Add CarMax mirror (port 40015) by Violet24K · Pull Request #24 · aiming-lab/WebHarbor

Violet24K · 2026-05-15T17:12:56Z

Adds a Flask mirror of carmax.com as the 16th
WebHarbor site, with full inventory search, vehicle research, comparison,
sell-my-car appraisal, financing pre-qualification, reserve, test drive,
and checkout flows.

Companion HuggingFace PR: https://huggingface.co/datasets/ChilleD/WebHarbor/discussions/15

What's in this PR

Site code (`sites/carmax/`)

File	Lines	Purpose
`app.py`	1,997	Flask app: 13 SQLAlchemy models, 10 WTForms, 59 routes
`seed_data.py`	904	Idempotent seed (12 stores, 141 vehicles, 5 users, 20 reviews, 10 articles)
`templates/*.html`	1,519 (44 files)	base + macros + 42 page templates
`static/css/main.css`	221	CarMax navy (`#1660a8`) + yellow (`#FFD900`) brand styling
`scrape_carmax.py`	129	Reproducible httpx fetch of evox stock photos
`scrape_articles.py`	107	Reproducible fetch of article hero images
`tasks.jsonl`	20	WebVoyager benchmark tasks

Registration (3 files modified)

websyn_start.sh — added carmax to SITES, switched the three
hardcoded 15s to ${#SITES[@]} so future additions don't need
triple edits.
control_server.py — added 'carmax' to SITES list.
Dockerfile — EXPOSE 8101 40000-40015 (was 40000-40014).

Quality-of-life additions

.gitattributes — forces LF line endings on *.sh and Dockerfile
so a Windows checkout doesn't break the container entrypoint (hit
this exact issue during initial Docker testing — exec /opt/websyn_start.sh: no such file or directory).
scripts/verify_carmax.sh — single-command end-to-end verifier (build
→ run → reset → md5sum) for the new site.
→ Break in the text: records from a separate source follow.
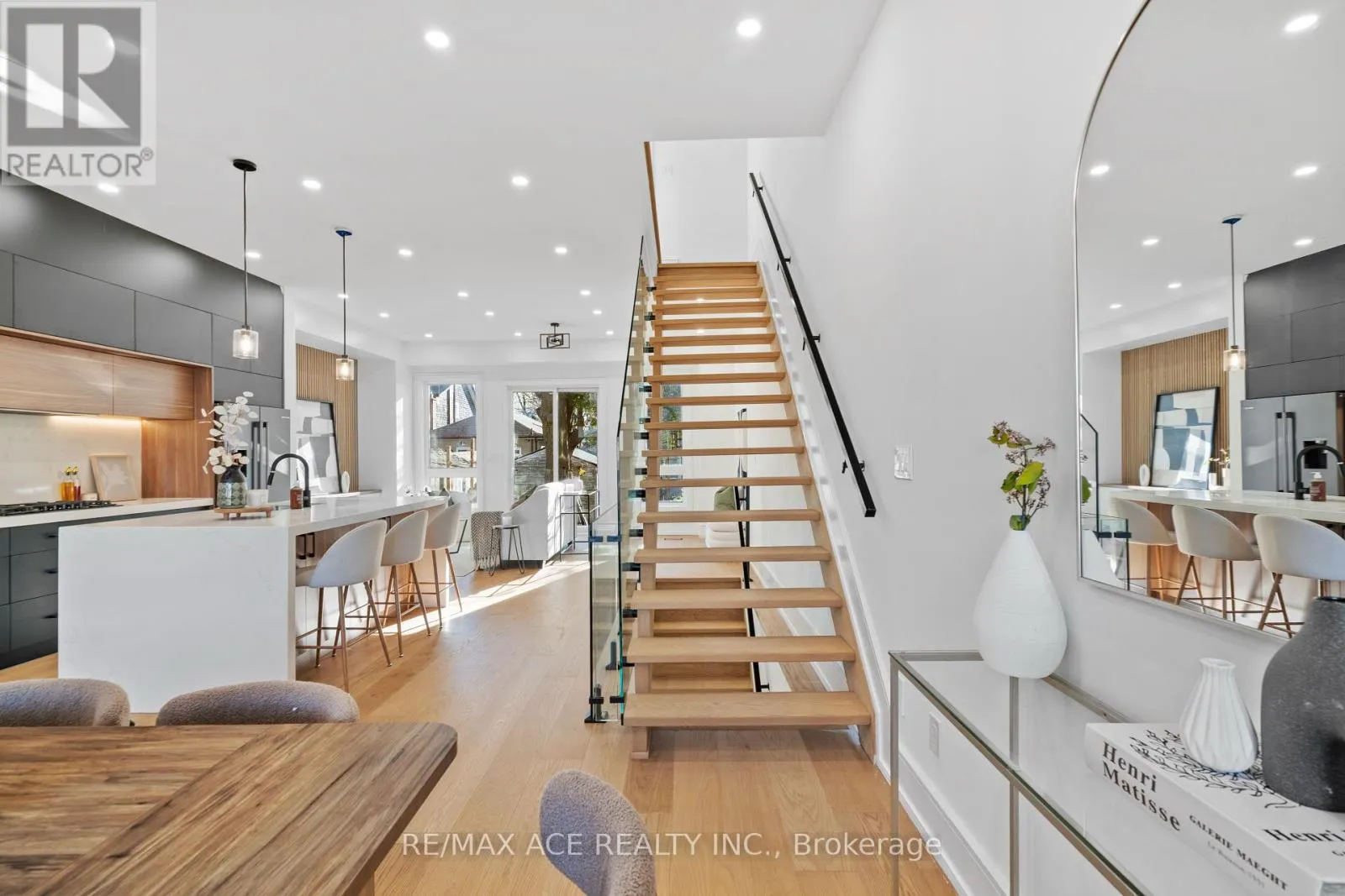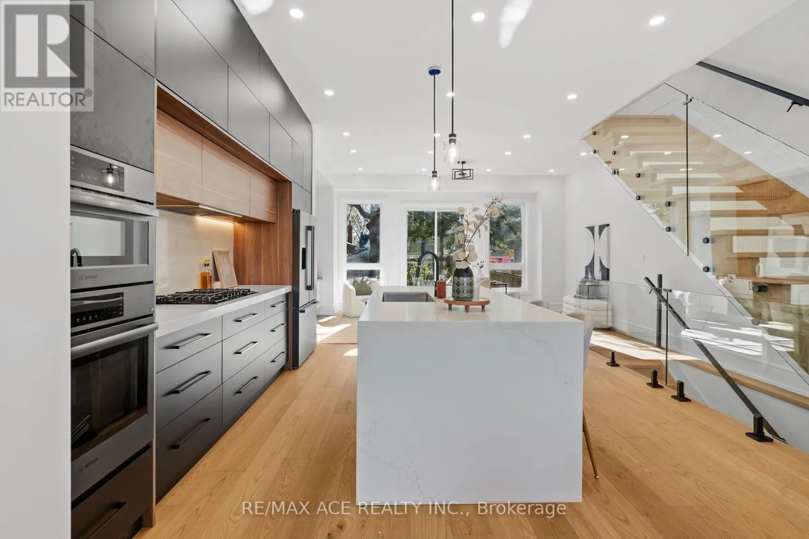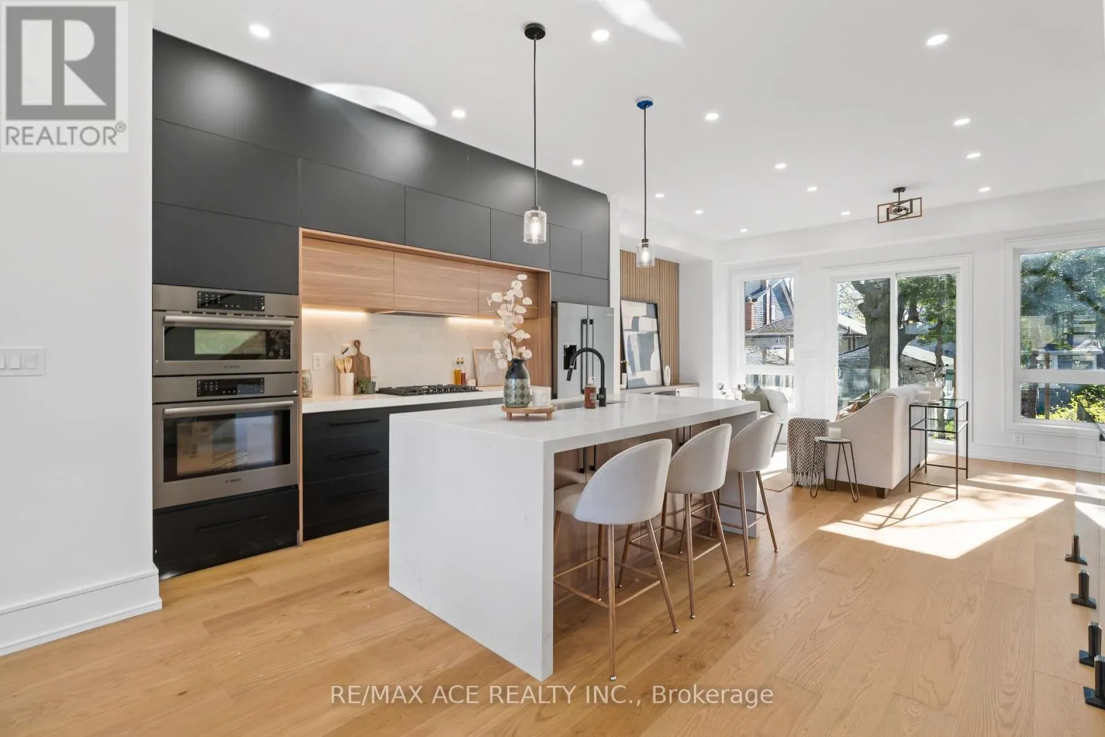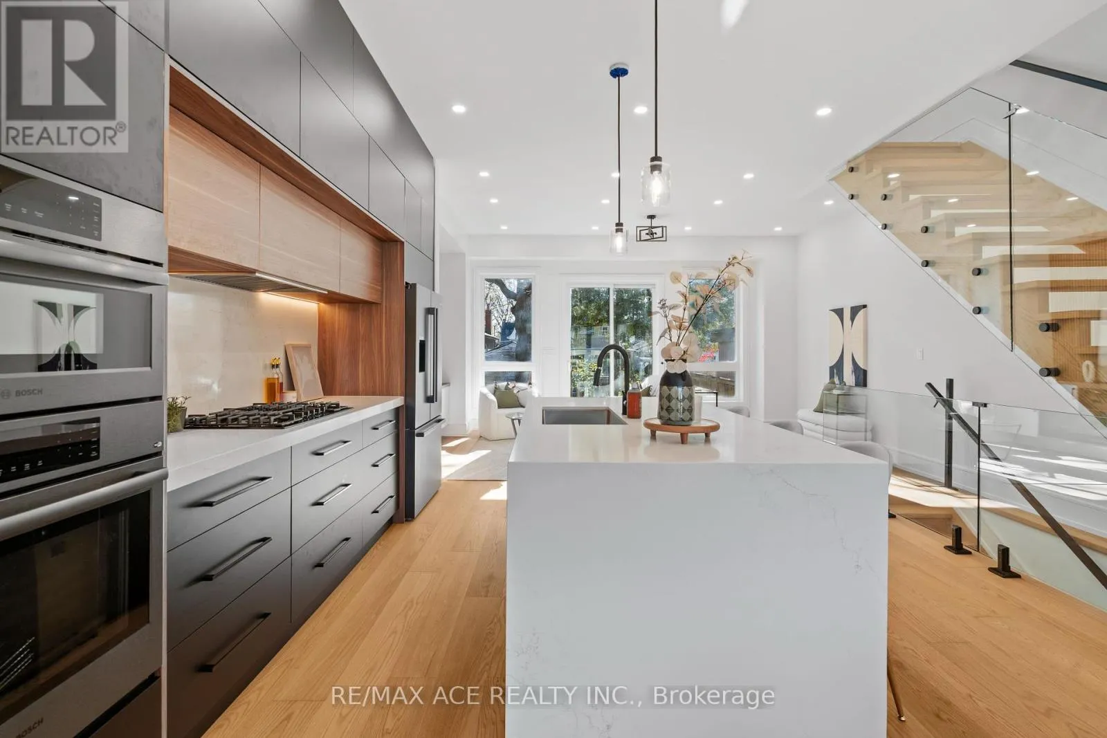 Warden Ave & Kingston Rd Experience refined modern living at 122 Warden Ave!!! a custom-built 3-bedroom showpiece tucked away at the quiet end of Warden Avenue. This stunning home features soaring 10 ft ceilings on the main floor and 9 ft ceilings upstairs, complemented by open riser stairs with sleek glass railings that add architectural elegance and flow. The designer kitchen showcases premium cabinetry, quartz countertops, and high-end appliances, while custom doors, detailed trim work, and rich finishes throughout highlight the craftsmanship. Ideal for families and professionals, this residence offers both comfort and sophistication in a peaceful, sought-after enclave near top schools, parks, the beach, and downtown. A rare opportunity to own a truly elevated home in one of Torontos hidden gems. (id:27476)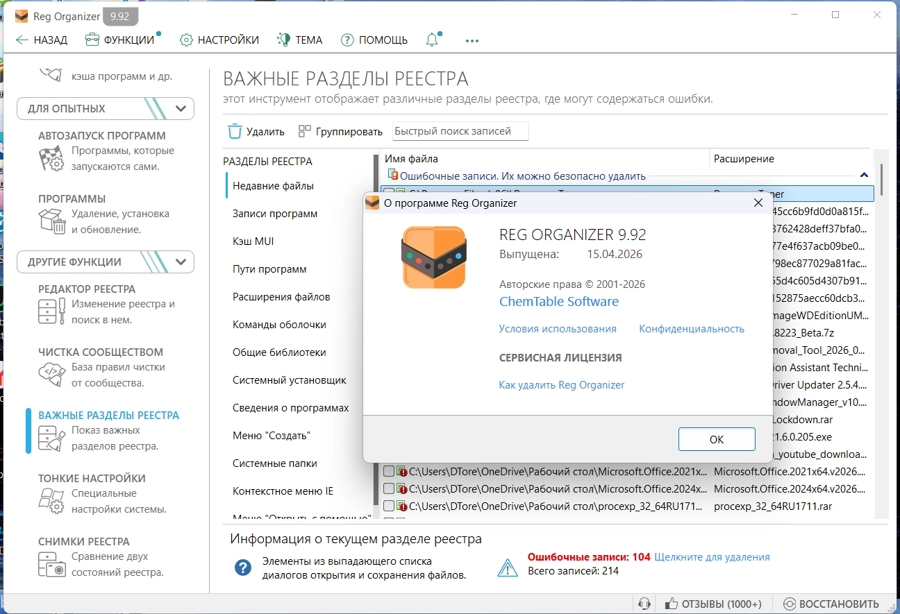 Предупреждение: Не используйте портативную версию при уже установленной.Скачать Reg Organizer 9.92 by Dodakaedr через торрент: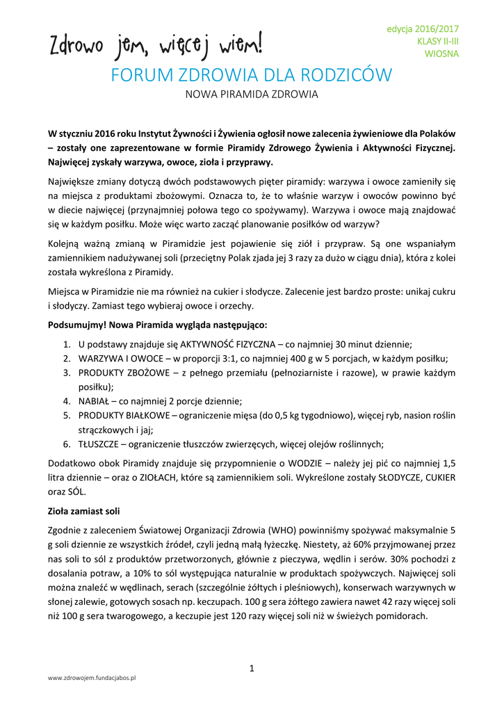 edycja 2016/2017 KLASY II-III WIOSNA FORUM ZDROWIA DLA RODZICÓW NOWA PIRAMIDA ZDROWIA W styczniu 2016 roku Instytut Żywności i Żywienia ogłosił nowe zalecenia żywieniowe dla Polaków – zostały one zaprezentowane w formie Piramidy Zdrowego Żywienia i Aktywności Fizycznej. Najwięcej zyskały warzywa, owoce, zioła i przyprawy. Największe zmiany dotyczą dwóch podstawowych pięter piramidy: warzywa i owoce zamieniły się na miejsca z produktami zbożowymi. Oznacza to, że to właśnie warzyw i owoców powinno być w diecie najwięcej (przynajmniej połowa tego co spożywamy). Warzywa i owoce mają znajdować się w każdym posiłku. Może więc warto zacząć planowanie posiłków od warzyw? Kolejną ważną zmianą w Piramidzie jest pojawienie się ziół i przypraw. Są one wspaniałym zamiennikiem nadużywanej soli (przeciętny Polak zjada jej 3 razy za dużo w ciągu dnia), która z kolei została wykreślona z Piramidy. Miejsca w Piramidzie nie ma również na cukier i słodycze. Zalecenie jest bardzo proste: unikaj cukru i słodyczy. Zamiast tego wybieraj owoce i orzechy. Podsumujmy! Nowa Piramida wygląda następująco: 1. U podstawy znajduje się AKTYWNOŚĆ FIZYCZNA – co najmniej 30 minut dziennie; 2. WARZYWA I OWOCE – w proporcji 3:1, co najmniej 400 g w 5 porcjach, w każdym posiłku; 3. PRODUKTY ZBOŻOWE – z pełnego przemiału (pełnoziarniste i razowe), w prawie każdym posiłku); 4. NABIAŁ – co najmniej 2 porcje dziennie; 5. PRODUKTY BIAŁKOWE – ograniczenie mięsa (do 0,5 kg tygodniowo), więcej ryb, nasion roślin strączkowych i jaj; 6. TŁUSZCZE – ograniczenie tłuszczów zwierzęcych, więcej olejów roślinnych; Dodatkowo obok Piramidy znajduje się przypomnienie o WODZIE – należy jej pić co najmniej 1,5 litra dziennie – oraz o ZIOŁACH, które są zamiennikiem soli. Wykreślone zostały SŁODYCZE, CUKIER oraz SÓL. Zioła zamiast soli Zgodnie z zaleceniem Światowej Organizacji Zdrowia (WHO) powinniśmy spożywać maksymalnie 5 g soli dziennie ze wszystkich źródeł, czyli jedną małą łyżeczkę. Niestety, aż 60% przyjmowanej przez nas soli to sól z produktów przetworzonych, głównie z pieczywa, wędlin i serów. 30% pochodzi z dosalania potraw, a 10% to sól występująca naturalnie w produktach spożywczych. Najwięcej soli można znaleźć w wędlinach, serach (szczególnie żółtych i pleśniowych), konserwach warzywnych w słonej zalewie, gotowych sosach np. keczupach. 100 g sera żółtego zawiera nawet 42 razy więcej soli niż 100 g sera twarogowego, a keczupie jest 120 razy więcej soli niż w świeżych pomidorach. www.zdrowojem.fundacjabos.pl 1 edycja 2016/2017 KLASY II-III WIOSNA Metoda małych kroków Pierwszą czynnością, wręcz oczywistą, jest usunięcie solniczki ze stołu i wyeliminowanie ciągłego dosalania potraw. Drugą, zmniejszenie ilości soli używanej podczas gotowania oraz dodawanie jej „do smaku” dopiero na końcu procesu. Zamiast soli warto stosować zioła i przyprawy, które są wspaniałą alternatywą. Zioła mają wiele korzystnych dla naszego organizmu właściwości: wspomagają metabolizm cholesterolu, mają działanie antyoksydacyjne, zmniejszają stany zapalne, niektóre z przypraw działają również bakterio- i wirusobójczo. Warto zaopatrzyć swoją kuchnię w świeży czosnek (naturalny antybiotyk), rozmaryn, oregano, tymianek czy bazylię. Kreatywnym i wiosennym rozwiązaniem może być także ziołowy ogródek na balkonie, lub parapecie. Pamiętajmy, że gotowe mieszanki z przyprawami np. do kurczaka lub ryb często zawierają ukrytą sól. Tymczasem z łatwością można skomponować mieszankę ziołową, którą będziemy wykorzystywać w naszej kuchni. Trzeba pamiętać, że sól ukrywa się pod różnymi nazwami, których często z nią nie kojarzymy. Sporo soli znajdziemy w sosie sojowym oraz przyprawach uniwersalnych takich jak kostki rosołowe i tym podobne. Poza ziołami i przyprawami dobrą alternatywą dla soli jest sok z cytryny. Nadaje potrawom głębię smaku, a także doskonale pasuje do świeżych warzyw i sałatek. Zmiany na etykietach i przeliczenie Jak weryfikować na co dzień ile soli znajduje się w danym produkcie? Warto czytać etykiety. Na każdej z nich można znaleźć informację o zawartości sodu. To właśnie sód znacznie częściej pojawia się na etykietach niż informacja na temat ilości soli. W grudniu 2016 ma się to zmienić. Producenci będą musieli obowiązkowo podawać wartość soli, a nie sodu w produkcie. W tej chwili pozostaje nam samodzielne przeliczanie zawartości soli na podstawie sodu. Jak to zrobić? Zawartość sodu należy pomnożyć razy 2,5 co da nam zawartość soli. Przykładowo: jeśli: w 100 g produktu znajduje się 1000 mg sodu to zawiera on 2,5 x 1000 mg = 2500 mg soli, czyli 2,5 grama. www.zdrowojem.fundacjabos.pl 2 edycja 2016/2017 KLASY II-III WIOSNA Na stronie www.aktywniepozdrowie.pl znajduje się KALKULATOR ZDROWIA DZIECKA – jest to krótka ankieta, która pozwala ocenić czy nasze dzieci odżywiają się prawidłowo. Warto wypełnić ankietę i sprawdzić czy wszystko jest w porządku. więcej na www.aktywniepozdrowie.pl www.zdrowojem.fundacjabos.pl 3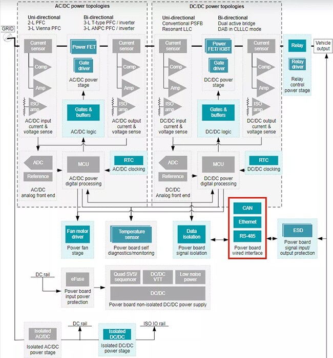 图5:TI直流充电站解决方案主要子系统方框图(图源:TI官网)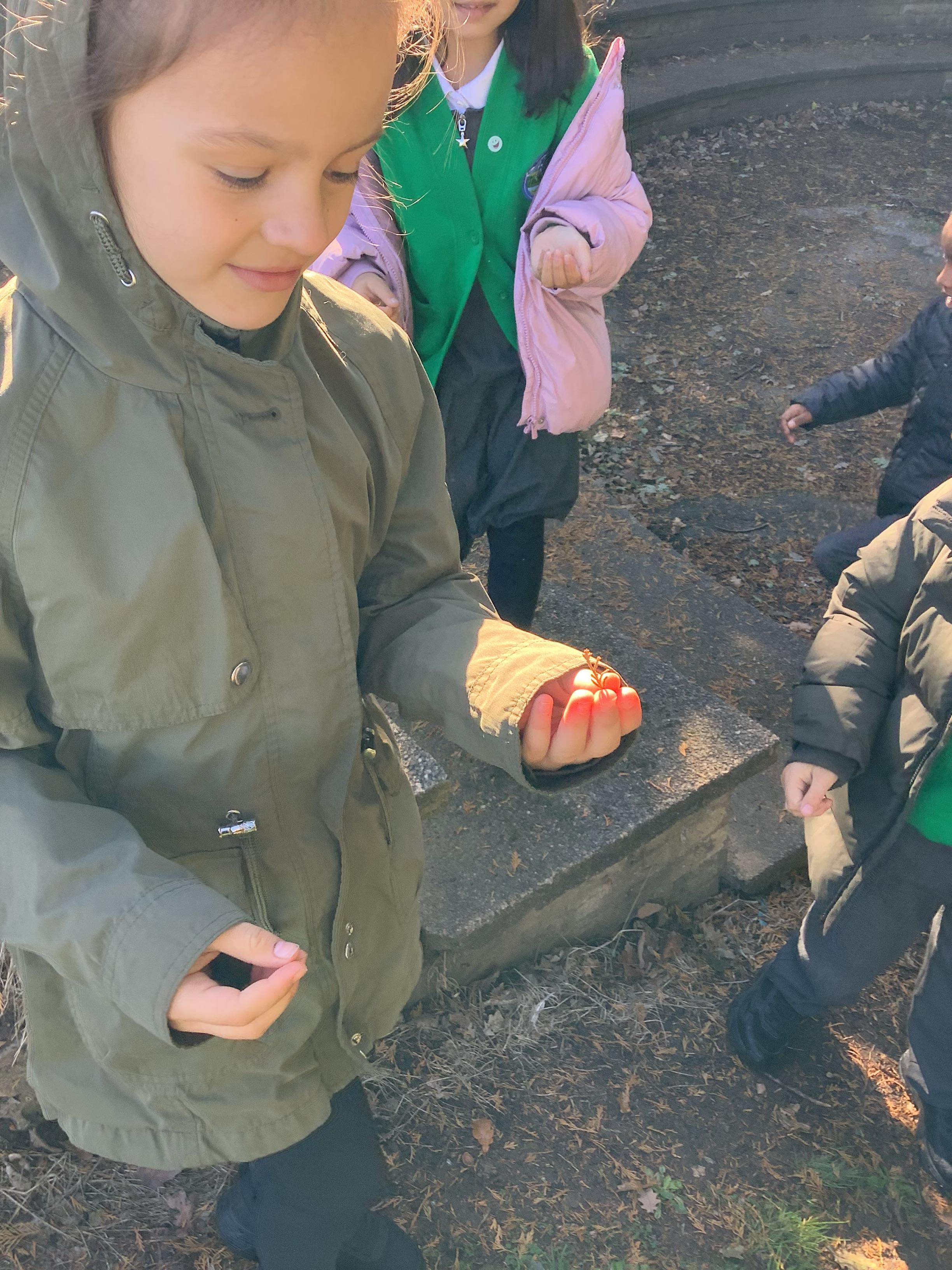 Today we went on a nature walk to explore the outdoor area. We thought about what we could see, hear and smell. We used this to create a noun phrase bank to use for the rest of the week.

Mirror functional coverage

59 routes across these areas:

Inventory — /cars, /cars/<make>, /cars/<make>/<model>, /cars/<make>/<model>/<year>, /cars/<make>/<model>/<trim>, /cars/<make>/<model>/<trim>/<year>, with filter params for body style, drive type, fuel type, mileage cap, price range, color, store, etc.
Vehicle detail — full specs, features, customer reviews, similar vehicles, financing estimate
Research — model overview + year-by-year pages with RepairPal ratings, trims, FAQs
Comparison — anonymous/authed compare tool (up to 4 vehicles)
Saved cars — heart / unheart per-user
Sell my car — appraisal form → instant offer page with 7-day validity
Pre-qualification — soft-credit form → personalized monthly payment range
Financing — landing page + CarMax Auto Finance / external lender / cash options at checkout
Stores — 12 real CarMax locations across CA/TX/FL/GA/NY/IL/MD/MA/WA/AZ/CO/NC
Reserve / Test drive — auth-gated booking flows
Checkout — full order flow with MaxCare warranty and trade-in appraisal application
Account — orders, reservations, test drives, appraisals, saved cars, edit profile, change password
Articles + FAQ — 10 articles, 4 FAQ categories

Search uses scored token-overlap with field-weighted scoring
(make/model = 5, trim/body/color = 3, features/specs = 1), explicitly
NOT strict-AND, so queries like "honda civic sport" return results even
when one token misses on a given vehicle.

Benchmark tasks

sites/carmax/tasks.jsonl ships 20 tasks following the WebVoyager
schema (web_name, id, ques, web, upstream_url):

6 Easy (2-3 steps): inventory search by year/make/model, trim-specific search, sorted filters, vehicle detail spec reading, store locator, FAQ
9 Medium (4-6 steps): research-page navigation, sell-my-car form, register + pre-qual, reserve, test drive, cheapest-vehicle + store cross-check, article read, value-page lookup, MaxCare tier comparison
5 Hard (7+ steps, multi-step reasoning): 3-way vehicle comparison, register + pre-qualify + report APR, saved-cars disambiguation, trade-in appraisal applied at checkout with custom finance terms, dan's order history audit

Hand-traced each task against the seed DB; the answer is verifiable on
every task and not visible at the search-result level for any task that
asks for spec-level info.

Verification

md5sum sites/carmax/instance/carmax.db sites/carmax/instance_seed/carmax.db
c6e3b281258bd8a460f7030a54b74c21 instance/carmax.db
c6e3b281258bd8a460f7030a54b74c21 instance_seed/carmax.db

Idempotency

Both seed_database() (line 675) and seed_benchmark_users() (line 722)
gate the whole function on populated-DB checks, not per row. Every
seeded created_at / saved_at / added_at uses a frozen
SEED_NOW = datetime(2026, 1, 15, 12, 0, 0) (18 references). Zero
calls to datetime.utcnow() anywhere in seed_data.py.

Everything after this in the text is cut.